Saturday, 16 June 2018

a time to reflect: fashion, creativity and being a teenage blogger

Three months ago, this blog turned 7. Three weeks ago, I finished uni. I haven't yet taken much time to reflect on either.

I often dismiss the work on this blog. Fashion blogging isn't really a thing anymore. We've all moved on to Instagram. The Tavi Gevinson generation of bloggers has dispersed into whatever new projects they are working on. My blog posts have become sporadic and often they stagnate altogether.

Yet this blog and I have grown up together. It's hard to think of it as my baby when I was practically a baby when I started it. I have played with the idea of deleting all my teenage posts or starting anew altogether, but then I would be betraying my adolescent self, and Morrissey has already betrayed teenage me so badly that I don't think she could take much more betrayal right now.

Fashion is about capturing a moment in time.

Fashion, like other arts and culture, captures a moment in time. It allows us to guess an era from a photograph. Style today traverses time, taking inspiration from a plethora of trends from previous decades. Fashion moments are no longer just about the clothes we wear.

The old posts on this blog captured a moment in time. They did not rock the fashion world, but they were part of a larger movement. Polyvore sets are now missing and the writing is juvenile, but those early posts were fuelled by a one-track minded determination and inspiration that I can only dream of now. I have written extensively about the importance of adolescence; the importance of forever. My forever was informed by Tavi, Rookie and the blogs they spawned. Before that, blogs like Susie Bubble and Man Repeller, when both were on a much smaller scale than they are now.  

On Wednesday I got offered a place on the Central Saint Martins’ MA Fashion Journalism programme. We talked about my blog in the interview, which made me realise how much I owe to my 13-year-old self. Before I started submitting my writing elsewhere, it was this blog that sustained my interests. 

Fashion is always thinking about the future.

Nostalgia is everywhere in fashion. It overflows from retrospectives and vintage-inspired collections. Yet, there is never time to wallow in sentimentality. The industry moves too quickly to press pause.

I have always been nostalgic, sentimental, romantic. I long for lives I have never lived. Fashion lets you try on these lives. Perhaps that is why I am drawn to it. When I think about romance in fashion, I think of Grace Coddington standing at Versailles in The September Issue. Looking out across the gardens, she says, “I think I got left behind somewhere, because, you know, I’m still a romantic.”
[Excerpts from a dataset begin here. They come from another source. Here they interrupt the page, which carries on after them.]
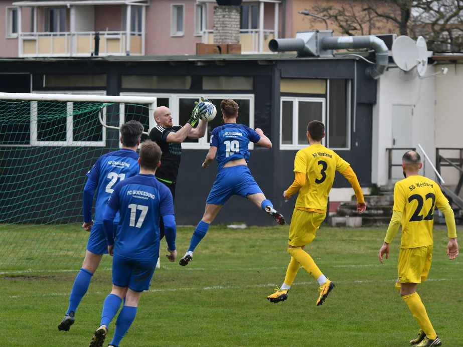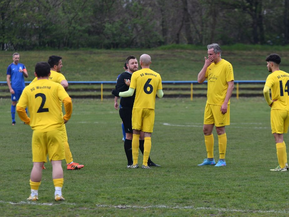 Dann schwächte sich der Gruppenliga-Absteiger auch noch selbst durch undiszipliniertes Verhalten. Erst bekam Kapitän Mirsen Mehmedovic eine überflüssige Zeitstrafe wegen Meckerns (65.). Dann pfiff Schiedsrichter Kevin Hammerschlag nach einem Eckball in einer undurchsichtigen Situation Elfmeter für Gudesding. Westends Rejhan Poturovic regte sich darüber auf und erhielt wegen Schiedsrichterbeleidigung die Rote Karte (67.).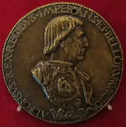 The second signed medal from Cristoforo di Geremia shows Alfonso V of Aragon, King of Naples. It features Alfonso V's bust and was probably inspired by Pisanello's work on Alfonso V. The back of the medal shows Alfonso enthroned and crowned by Bellona and Mars.[1]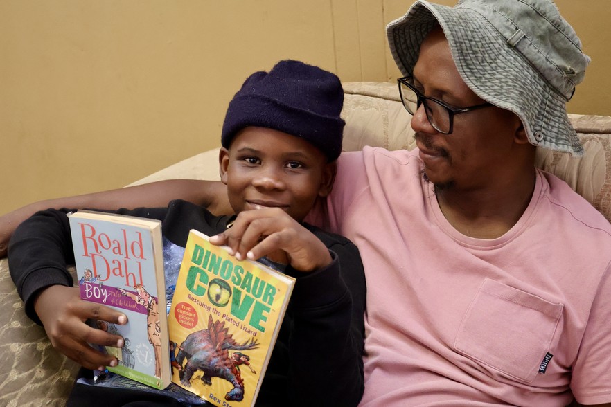 The Mbombela Public Library is a refuge for Solly Mguni and his son, Mvuso. Reading together is an alternative to social media, he says. “Our kids today, we buy them phones, we buy them tablets… they get caught up, and they lack focus.”

There is a risk of getting left behind if you dwell on the past too much. There can be something radical and envigorating about deleting everything and starting anew. Killing your old self. Selling all your clothes. Deleting all your social media posts. I am embarking on a 30-day minimalism challenge this summer. However, the one thing I refuse to get rid of is old writing. 
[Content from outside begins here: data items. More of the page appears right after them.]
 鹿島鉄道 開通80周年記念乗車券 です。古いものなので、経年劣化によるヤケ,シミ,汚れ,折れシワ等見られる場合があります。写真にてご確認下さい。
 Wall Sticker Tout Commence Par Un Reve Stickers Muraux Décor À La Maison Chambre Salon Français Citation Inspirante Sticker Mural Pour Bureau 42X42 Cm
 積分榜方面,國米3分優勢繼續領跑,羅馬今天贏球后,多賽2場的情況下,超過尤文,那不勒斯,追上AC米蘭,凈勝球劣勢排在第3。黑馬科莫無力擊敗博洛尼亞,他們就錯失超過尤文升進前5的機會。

I used to have grandiose notions about my old journal entries being published one day. Now, I would die of embarrassment if this happened. From a more practical perspective, I can at least look at old pieces and see the progression in my writing. We are often too quick to want to reinvent ourselves. The current version of ourselves is never enough. The past versions might as well be the most humiliating people to have ever lived. 

One day we will be embarrassed by our current selves as well. But what's the point in creating at all if we are already thinking about how we will hate our creation in the future? It's a question as old as art itself.

I started this blog because I needed to. It became an outlet to discuss things that no one wanted to talk about school. Blogging probably taught me as much as school did. It has often required an equal amount of research, work and (self)education.

Blogging walks the line between personal and professional. 

Some posts read like parts of a portfolio and others, like this one, are more like diary entries. The freedom of blogging is that both can exist in the same place. I used to write letters to my future self and hide them away in my wardrobe until it was time to open them. This blog is like a letter from my past self to my current and future selves.

This is predominantly a fashion blog. I am starting a course in fashion journalism, but fashion is not the only thing I want to write about. Yet, whether I am writing about a new trend, mental health, or being a teenage fangirl (a post I planned on my phone on my way to school in Year 12), every piece tells a story about that time in my life. It might be a very public documentation, but everyone's lives are documented publicly now.